**What you will do**
An exact transcription of all the data is required, with every image removed.

**Information shown**
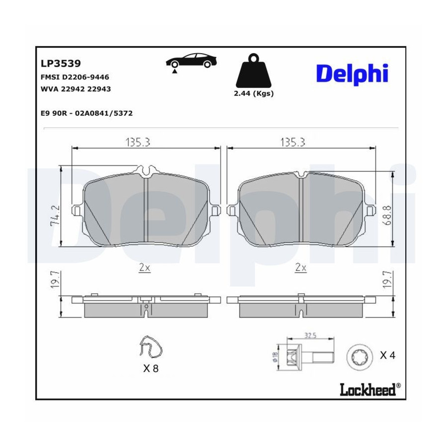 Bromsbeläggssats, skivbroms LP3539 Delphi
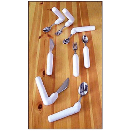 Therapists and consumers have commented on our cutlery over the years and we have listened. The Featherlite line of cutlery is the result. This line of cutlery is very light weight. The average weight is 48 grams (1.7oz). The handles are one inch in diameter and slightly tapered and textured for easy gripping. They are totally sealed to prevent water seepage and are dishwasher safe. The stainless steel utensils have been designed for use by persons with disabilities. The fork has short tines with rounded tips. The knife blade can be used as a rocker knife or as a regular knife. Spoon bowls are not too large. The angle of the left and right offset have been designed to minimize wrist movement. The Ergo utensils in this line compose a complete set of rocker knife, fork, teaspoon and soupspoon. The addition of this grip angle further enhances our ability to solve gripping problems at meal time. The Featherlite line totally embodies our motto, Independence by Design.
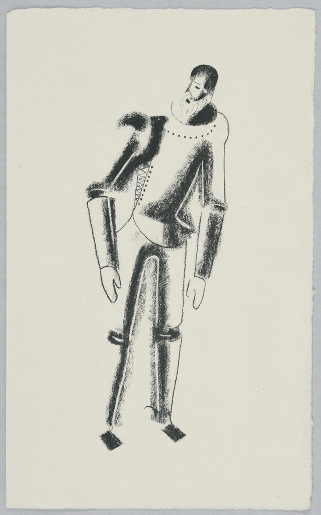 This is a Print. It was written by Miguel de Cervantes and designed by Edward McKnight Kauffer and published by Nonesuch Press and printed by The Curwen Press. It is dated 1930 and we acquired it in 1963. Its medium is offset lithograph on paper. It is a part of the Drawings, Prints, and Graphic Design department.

**Result of this exercise**
 Bromsbeläggssats, skivbroms LP3539 Delphi
 Therapists and consumers have commented on our cutlery over the years and we have listened. The Featherlite line of cutlery is the result. This line of cutlery is very light weight. The average weight is 48 grams (1.7oz). The handles are one inch in diameter and slightly tapered and textured for easy gripping. They are totally sealed to prevent water seepage and are dishwasher safe. The stainless steel utensils have been designed for use by persons with disabilities. The fork has short tines with rounded tips. The knife blade can be used as a rocker knife or as a regular knife. Spoon bowls are not too large. The angle of the left and right offset have been designed to minimize wrist movement. The Ergo utensils in this line compose a complete set of rocker knife, fork, teaspoon and soupspoon. The addition of this grip angle further enhances our ability to solve gripping problems at meal time. The Featherlite line totally embodies our motto, Independence by Design.
 This is a Print. It was written by Miguel de Cervantes and designed by Edward McKnight Kauffer and published by Nonesuch Press and printed by The Curwen Press. It is dated 1930 and we acquired it in 1963. Its medium is offset lithograph on paper. It is a part of the Drawings, Prints, and Graphic Design department.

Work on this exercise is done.